SANDY: So when’s a good time to model that mindfulness and chronic stress? Because I’m assuming it’s not in the middle of a Hulk brain episode.  

DR. AMY: Absolutely. We have to make this a daily practice. So, you know, if you’re a homeschooling parent, you can just roll this into your daily curriculum, right? It can be a health lesson or a PE lesson. If you’re not a homeschooling parent, if you are sending your kids to school, spend the first five minutes of the day in a mindfulness or breathing exercise or grounding exercise practice with them, right? The easiest one to do is the sigh, right? So you literally are gonna breathe in and then let out a really long sigh. The exhale is more important than the inhale, so you want your exhale to be longer. And that activates the parasympathetic nervous system, which presses the brakes on that fight, flight, or freeze mode that your kids are living in if they’re chronically stressed. And so, there is nothing magical about which mindfulness or grounding or breathing exercises to do. You can Google mindfulness exercises for kids and you will get a thousand hits. All of them are good. All of them. You can buy cards on Amazon. I don’t get proceeds from anything I recommend. So you can just Google “mindfulness card deck for kids,” um, and then just play around with them, right? Do a couple before bedtime, do a couple in the morning and then—  

SANDY: I love that idea. I love that idea because then it takes the pressure off like, “Ooh, let’s try this one today.”  

DR. AMY: Absolutely. And so what that does is it gives your child’s nervous system a break from that cortisol and adrenaline coursing through their veins. Right? Will they still get upset? Absolutely. If they really have ADHD, will they struggle to regulate their emotions? Absolutely. But this will give their bodies and their brains a little bit of a break, right? By pressing the brakes on that fight, flight, or freeze mode a couple of times a day. And as you lower those cortisol levels, it takes less and less to throw you into that fight, flight, or freeze mode, right? So it’s, I like to just say this, you know, makes your resilience bucket bigger because that stress is going to be there. Right? Like, it’s really hard to reduce the amount of stress, but what we can do is increase our child’s capacity for dealing with it. So mindfulness, grounding, and breathing exercises.  

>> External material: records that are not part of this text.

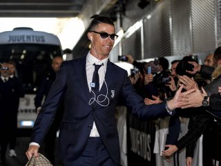 Juventus-Cagliari maçı için stada gelen Portekizli yıldız, yeni saç stili ve ilginç gözlüğüyle dikkat çekti.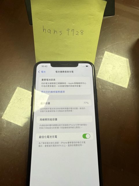功能正常,全機全原廠電池健康77%,螢幕保護貼有裂,但螢幕外觀皆無受損,有貼鏡頭貼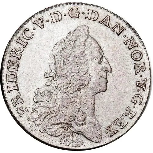| Descrição do anverso | Bare bust of King Frederik V with long and curly hair, facing right |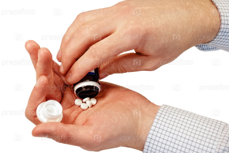 Таблетки в руке на белом фоне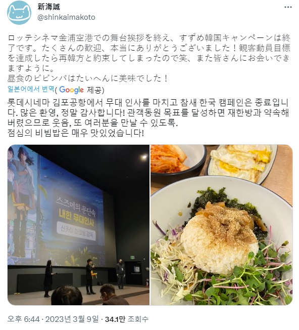 실제로 신카이 마코토 감독은 한국 드라마 '도깨비'에 영감을 받아서 '스즈메의 문단속'을 만들었다고 밝혔으며, 한국에 오는 걸 너무 좋아해서 영화를 만드는 목적 중 하나가 한국 방문이라고 말하기도 했습니다. 또한 방한 당시 작성한 트윗들을 보면, 실제로는 한국에서도 비빔밥 등 다양한 음식을 즐긴 것으로 보이며, 한국에서의 높은 관심과 흥행에 매우 큰 기쁨을 표시하고 소주를 마시고 싶다는 소감을 남기기도 했습니다.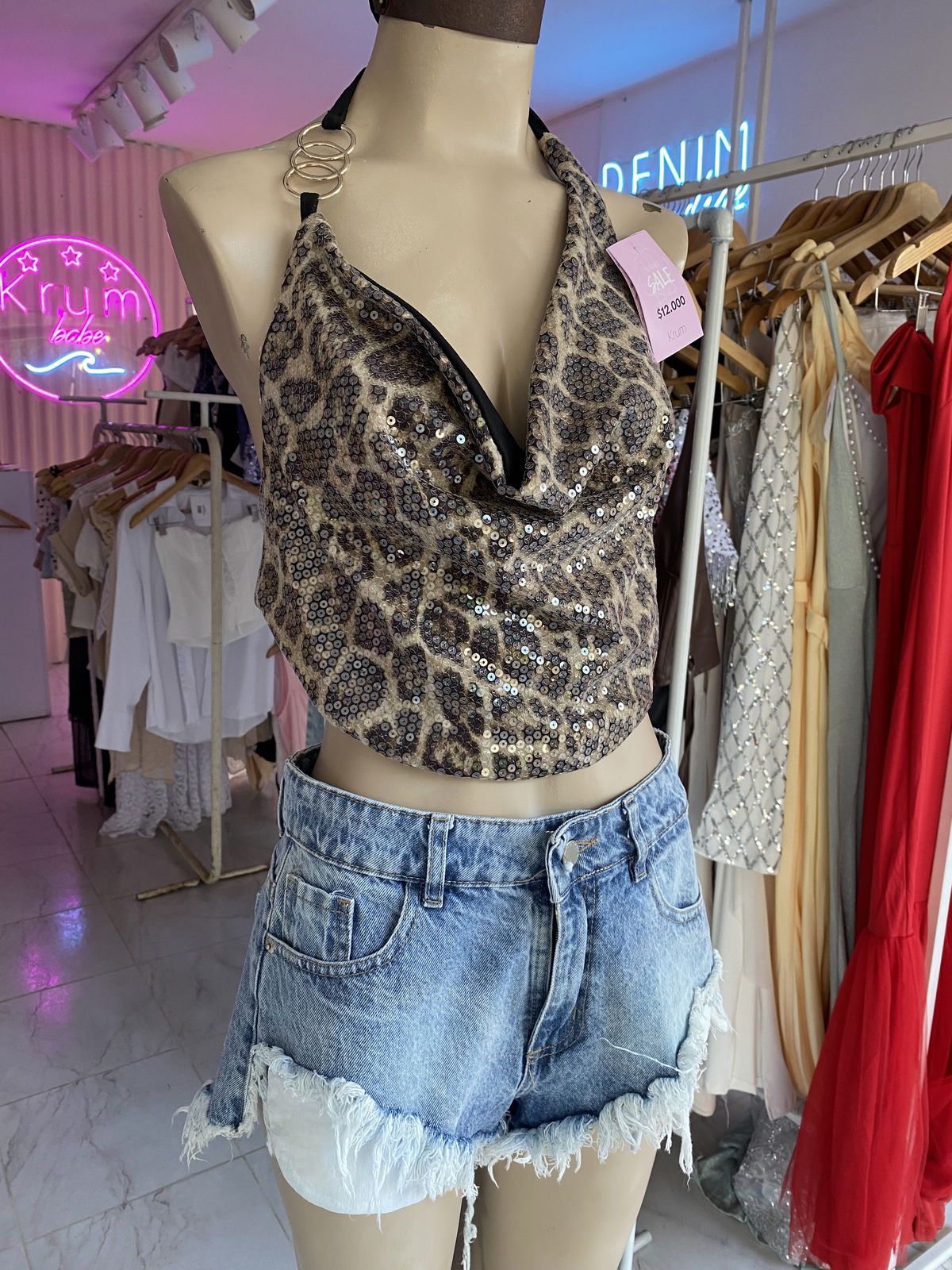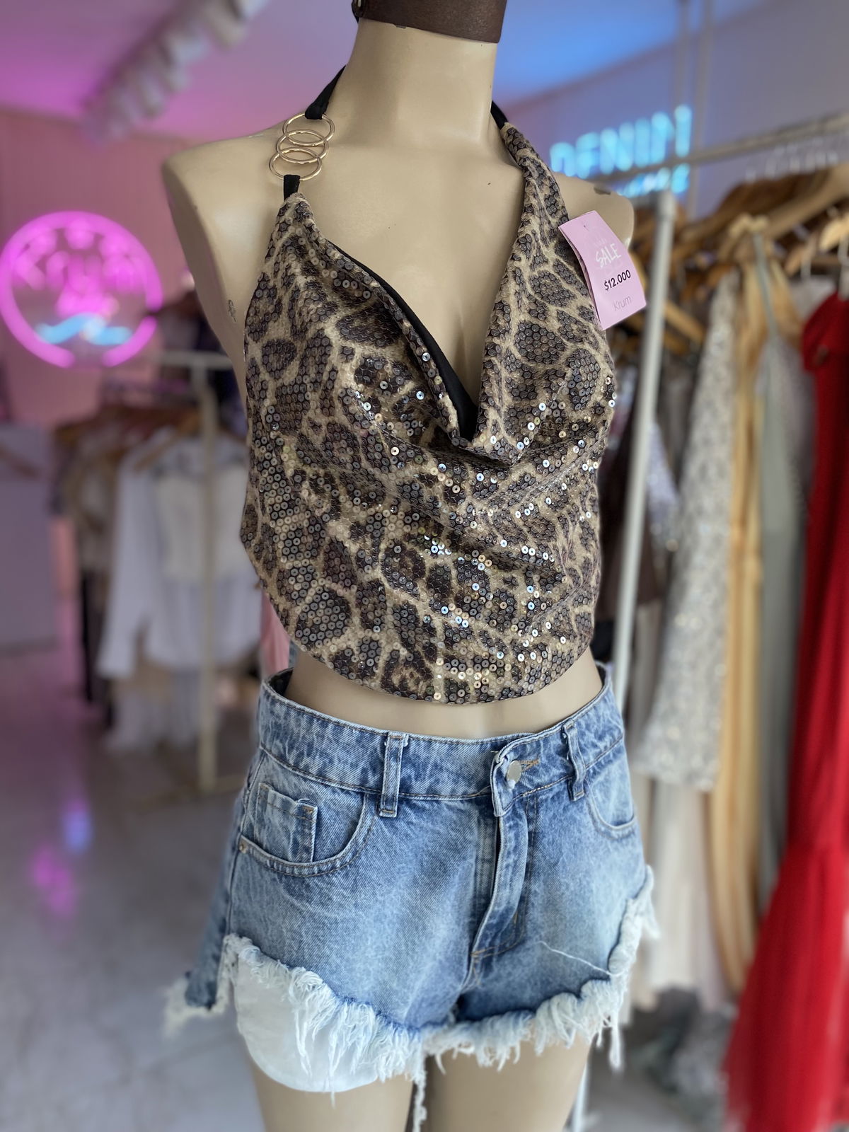 Top buche de lentejuelas. Cuello y espalda para atar.

SANDY: And we need to practice a lot, right? Repetition is the key. Because you’re not going to use something that doesn’t come automatically to you. You’re not going to sigh if you haven’t practiced sighing a thousand times, right? And exhale, right?  

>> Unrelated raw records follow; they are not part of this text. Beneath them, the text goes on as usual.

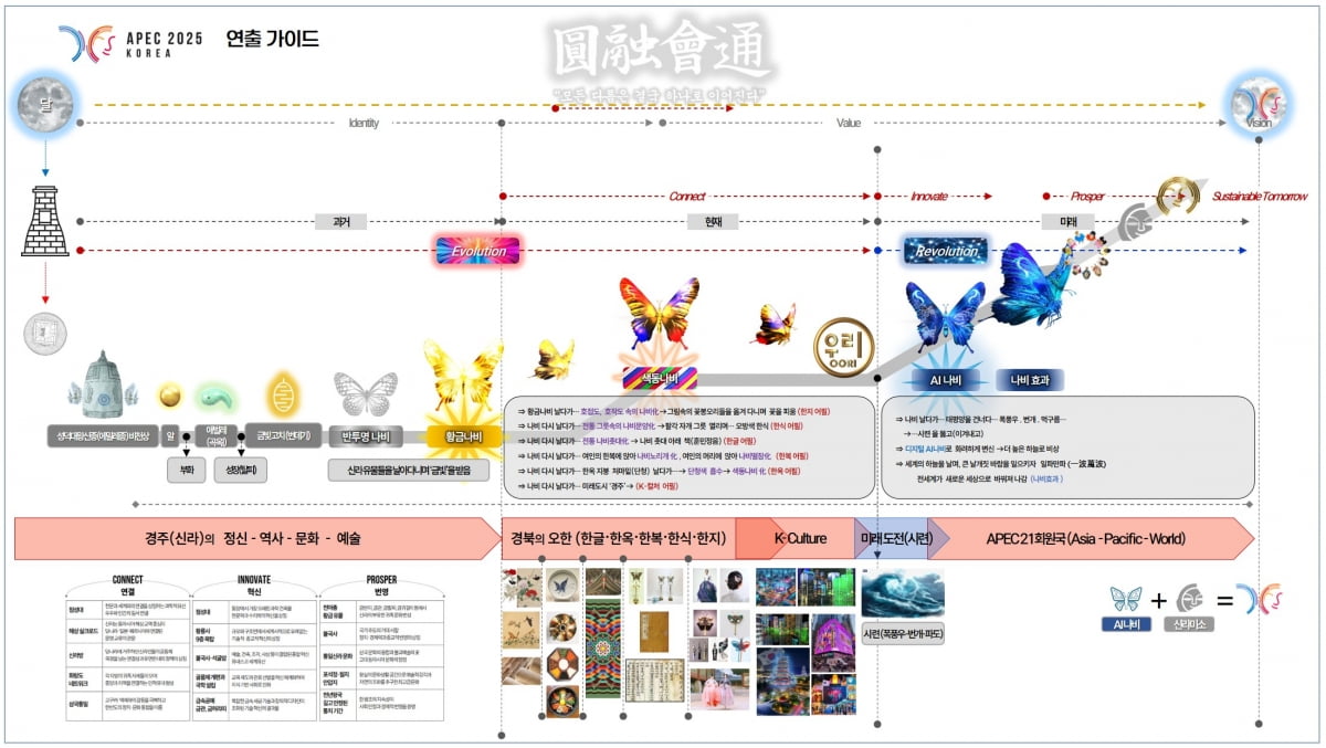 APEC의 주제였던 '연결·혁신·번영'의 키워드는 엠블럼의 상징인 '나비'가 대표했다. 신라의 황금 문화를 상징하는 '황금 나비'부터 K-컬처의 다양성과 확장성을 나타내는 '색동 나비', 미래의 전 세계적인 화합과 연대·연결을 의미하는 'AI 나비'까지 20분 분량의 영상과 멀티미디어들이 끊기는 구간 없이 매끄럽게 이어지며 대한민국, 나아가 세계의 화합을 이야기했다.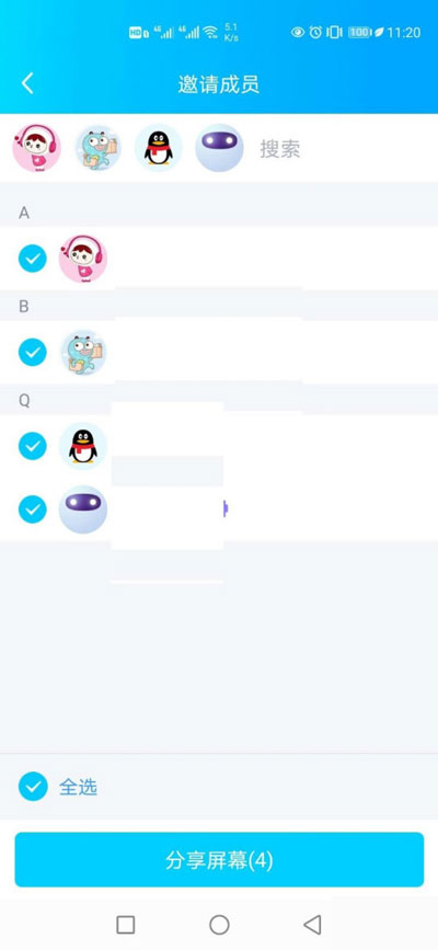 4、如果是群聊使用,需要选择进入屏幕我来教你通话内的成员,点击【我来教你屏幕】;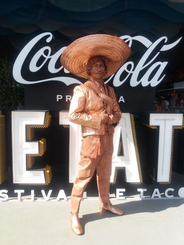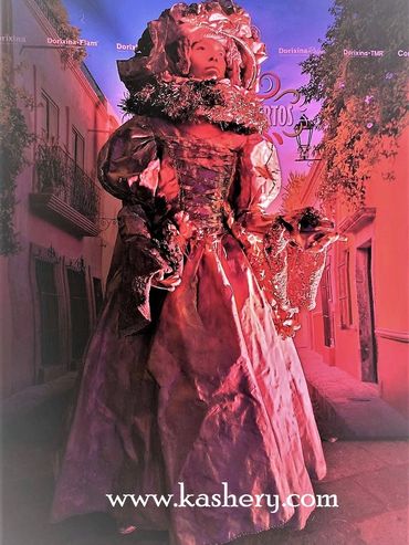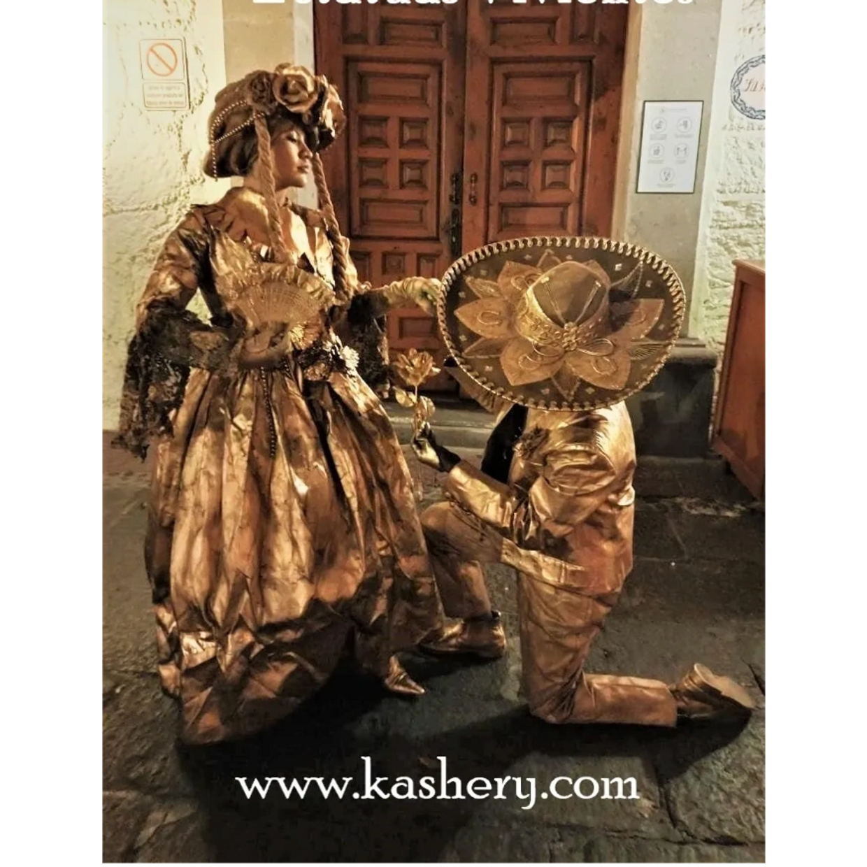 Realiza un performance con figuras distintas acrobáticas, moviéndose,caminando, corriendo, girando, saludando, reverenciando a los invitados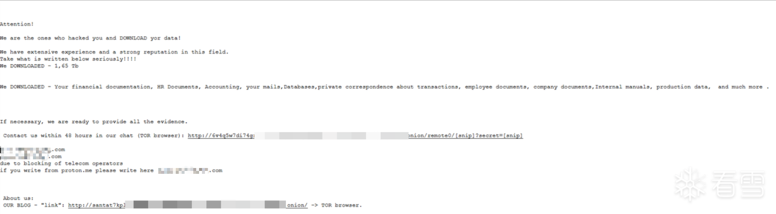 | 勒索暗网泄露页面 | 2025-06-01 | toznnag5o3xxxxxxxxxxxzmz4nmujrjuib4iusad.onion | 失效 |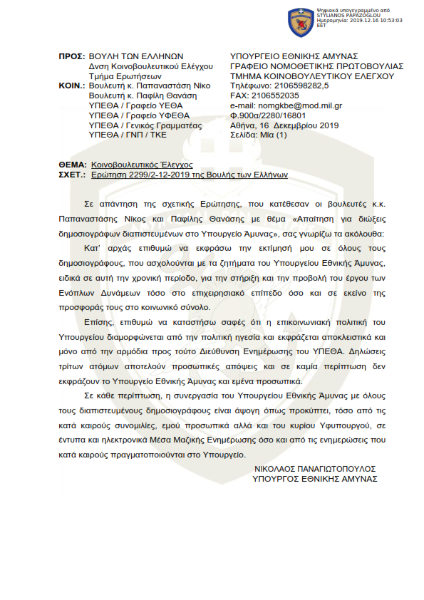 Απαντώντας σε ερώτηση του ΚΚΕ για το θέμα, ο Υπουργός Εθνικής Άμυνας Νίκος Παναγιωτόπουλος, παίρνει για μία ακόμη φορά ξεκάθαρη θέση, λέγοντας χαρακτηριστικά ότι η συνεργασία με όλους τους διαπιστευμένους δημοσιογράφους του ΥΠΕΘΑ, είναι άψογη.

DR. AMY: Yes. And so, you know, with my teenage counseling clients, I encourage them to take a photograph of two or three of those cards with their favorite exercises on them and keep it on their phone so that if they find themselves getting upset or worked up at school, then they can just pull that up on their phone and run in the bathroom and do a couple of those.  

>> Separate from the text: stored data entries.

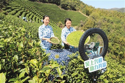 在浙江省湖州市吴兴区道场乡栖茗岭茶场,吴兴区供销合作社组织直播团队开展“生态茶香,线上品茶”春茶直播活动,向网友介绍茶叶采制过程,助力茶农销售春茶。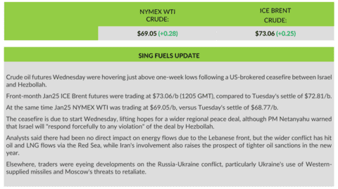 Sing Fuels Daily Report – 27 November 2024 by admin November 27, 2024 November 27, 2024 5 views 292 Brent CrudeHezbollahIsraelRed SeaSingaporeSingFuelsWTI 0 comments 0 FacebookTwitterLinkedinEmail admin previous post Retail reshuffle looks likely in upcoming FTSE Review next post Liberia receives IMSAS Audit You may also like HOT PORT NEWS from GAC April 21, 2026 Christina Tsorba of Vergina TV questions All About... April 21, 2026 Vessev Unlocks Waterways as the Next Layer of... April 21, 2026 Immersion suit rises to challenge for faster protection April 21, 2026 LR – Class News 08/2026: Revised speed trial... April 21, 2026 Market Report: choppy week ahead as Middle East... April 21, 2026 Sing Fuels Morning Report – 21 April 2026 April 21, 2026 Annual marine autonomy study reports new USV ‘arms... April 20, 2026 Market report: Stock markets mixed as Strait re-opening... April 20, 2026 StormGeo strengthens Bunker Management platform with real-time pricing... April 20, 2026 Leave a Comment Cancel Reply Save my name, email, and website in this browser for the next time I comment. Δ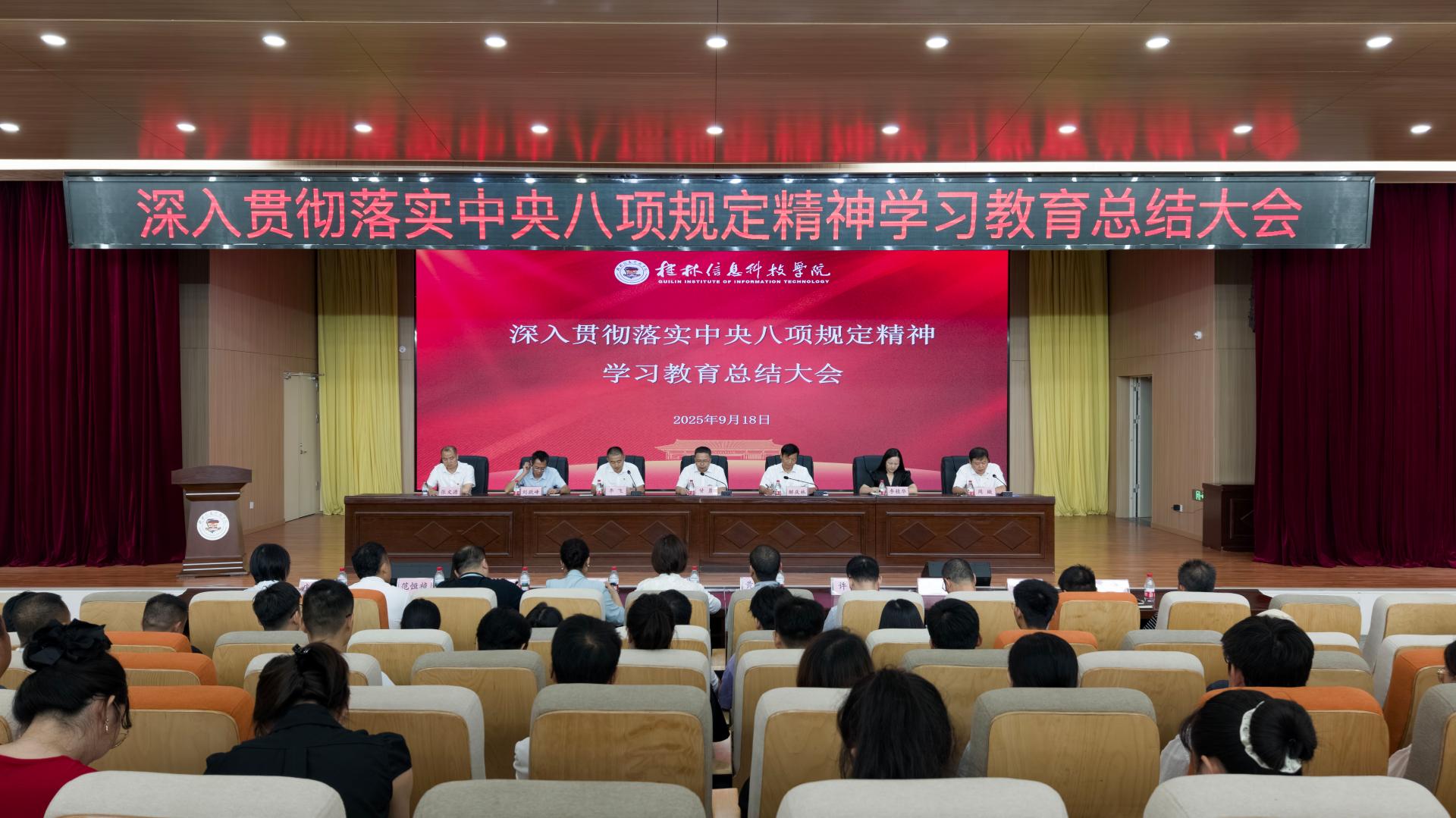 9月18日上午,学校召开深入贯彻中央八项规定精神学习教育总结会,全面总结学校深入贯彻中央八项规定精神学习教育的做法及成效,对巩固拓展学习教育成果、常态长效推进作风建设进行再动员再部署。学校党委书记甘勇,党委副书记、校长解庆林,党委副书记李飞,副校长李桂华、刘跃峰,纪委书记、校长助理周璇,党委委员、纪委委员、各二级党组织书记、全体中层管理干部、各级党支部书记参加会议。

SANDY: I love it. I love it. What’s the last one? We’ve almost got all five in.  

DR. AMY: Yes. So the, the last pillar is cognitive skills. All right. What are cognitive skills?  

SANDY: My favorite.   DR. AMY: Right. Right. This is the space that we, that we work in. Right, Sandy?  

SANDY: Yeah, exactly. I live here, so this is me.  

DR. AMY: So cognitive skills are those underlying skills. Brain skills that we use for thinking and learning all day, every day, all of us. So working memory, long-term memory, processing speed, visual processing, auditory processing, reasoning, attention. Those are the skills that we need to process information. It’s what our brain uses and most of us have one or more cognitive skills that need to be strengthened. And when we have a weakness in one or more of those cognitive skills that we need to use all day, every day, then we struggle. Right? We will struggle in thinking. We will struggle in learning. We will struggle to process information quickly enough. You know, and those show up in everyday tasks, not just schoolwork, right? So my struggle has always been in visual processing. And so, I have a hard time with maps. I have to actually turn the map in the direction that I’m actually driving, right? I can’t figure out unless I’m going in the same direction that the map is facing, then it’s really difficult for me to process that visual information. So that’s just kind of one example. All right. My colleagues and I did this really big study a couple of years ago, about five years ago, on more than 4,000 people with ADHD. We created profiles of their cognitive skills using a gold-standard IQ test that measured each of those skills. And we plotted them on a graph across age groups from age 4 through age 40. So all had been diagnosed with ADHD. And what do you think we should have found? Like what do you think we were going to find?  

SANDY: Oh, attention skills.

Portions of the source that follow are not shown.